The heart-shaped Tombaugh Regio is seen in this enhanced view of the dwarf planet Pluto in an undated image from NASA's New Horizons spacecraft. REUTERS/NASA/JHUAPL/SwRI

Pluto's huge heart is perhaps the most distinctive feature glimpsed by the New Horizons spacecraft during its flyby last year. Despite being surrounded by a mottled terrain, this 1,000 mile region, known as Tombaugh Regio, is featureless, which, as NASA previously remarked, could be a sign of "ongoing geological processes."

A new study, published Monday in the journal Nature, provides some details about what these processes might be. According to the authors of the paper — Tanguy Bertrand and François Forget, both from the Université Pierre et Marie Curie in Paris — nitrogen ice played a major role in the creation of the heart-shaped feature.

"Pluto's surface is an amazing cocktail of different types of ice that do not exist naturally on Earth: nitrogen, methane and carbon monoxide. We developed a thermal model of Pluto’s surface to understand the mechanisms of condensation/sublimation of its ice at a global scale. This model also enabled us to explore the 'climate' scenarios that could explain Pluto’s ice distribution," Bertrand told ResearchGate. "We discovered that the heart shape is to a large degree created by highly volatile nitrogen ice that unavoidably accumulates in the basin and forms a permanent reservoir of ice, as observed by New Horizons."

This happens because at the bottom of the basin located in the Sputnik Planum — a wide plane in the western lobe of the "heart" — the atmospheric pressure is higher than in the surrounding areas, a fact that causes the nitrogen to condense into ice in this region, creating a permanent reservoir.

"This scenario shows that there is no need for an internal reservoir of nitrogen ice to explain the formation of the Sputnik Planum glacier, as suggested by previous studies.
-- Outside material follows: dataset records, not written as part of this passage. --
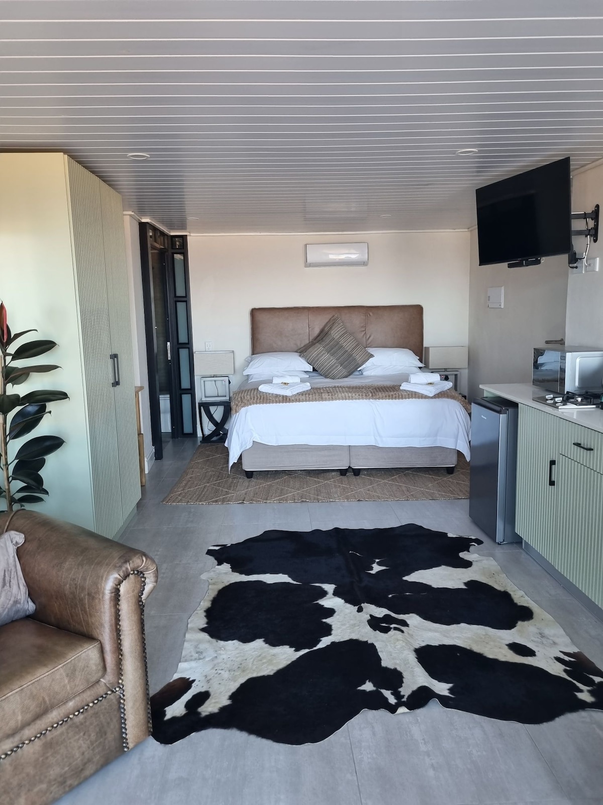 Secluded Garden Cottage in Vredendal, little town on the N7 in the heart of the Wine lands, Matzikama mountains and nearby West Coast beach. Stylish cozy Studio Cottage equipped with all the necessities for a comfortable and relaxing stay. Charming courtyard for Alfresco dining. Safe parking on premises, beautiful braai room, with outdoor kitchen & pool. Close to coffee shops, restaurants & town. Your home from home.
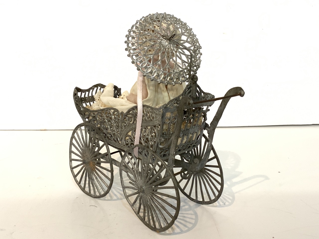 An early 20th century white metal doll carriage with Bye Lo style German bisque doll 4"L.
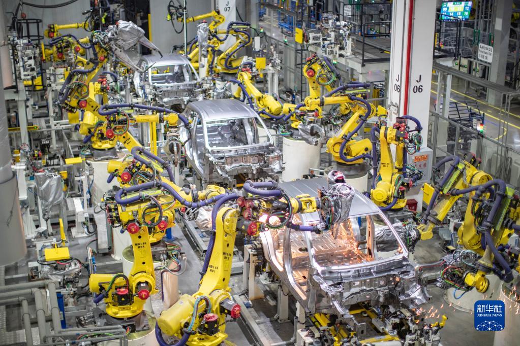 在重慶金康新能源汽車有限公司,智能化焊接機器人在進行焊接作業(yè)(4月2日攝)。新華社記者 黃偉 攝
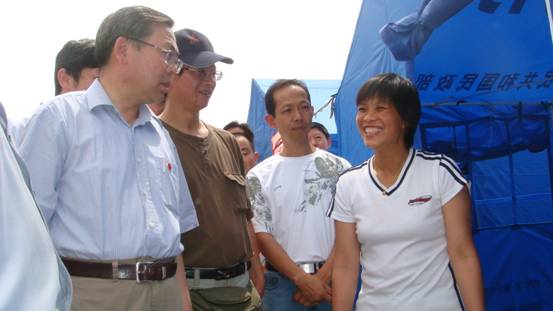 图1:国家卫生部领导到江油现场指导防疫工作(左2为王灵岚)。

Instead, well-known physical principles are behind this," Bertrand said.

The researchers used data gathered by New Horizons to create a simulation of Pluto's atmospheric development over the course of 50,000 years — both in the past and well into the future. In doing so, they found that in addition to nitrogen ice, Pluto's landscape is also shaped by seasonally-shifting methane frosts.
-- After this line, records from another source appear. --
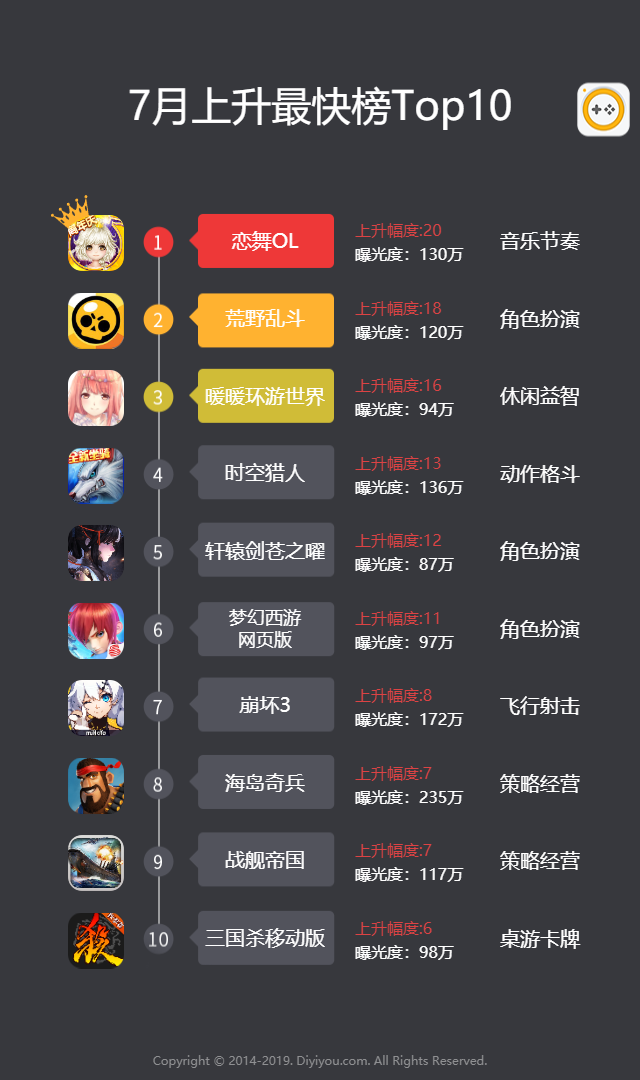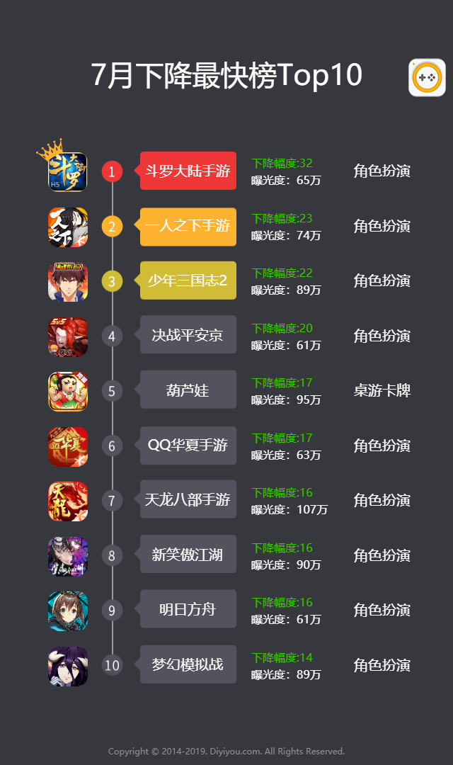 7月手游曝光度上升最快榜Top10和下降最快榜Top10
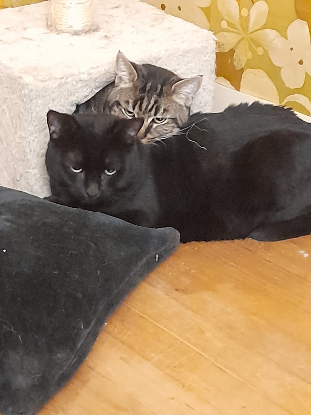 Ils sont très proches mais sont néanmoins très amis avec les autres chats, ils aiment jouer ensemble, dormir ensemble, manger ensemble, peut-être un peu trop ! un peu d’exercice ne leur fera pas de mal ! Ils sont aussi très bavards, ils ont pleins de choses à raconter !
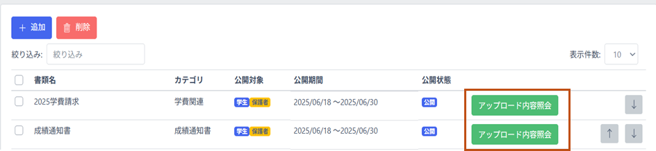 2.以下管理画面で「アップロード内容照会」をクリック

"Methane ice, which is much less volatile at Pluto’s temperatures, is not restricted to the Sputnik Planum glacier like nitrogen and carbon monoxide. Our model, like New Horizons, shows that pure methane frosts seasonally covers both hemispheres," Bertrand told ResearchGate. "With our model, we also predict that atmospheric pressure is currently at its seasonal peak and will decrease in the next decades, while seasonal methane frosts will disappear."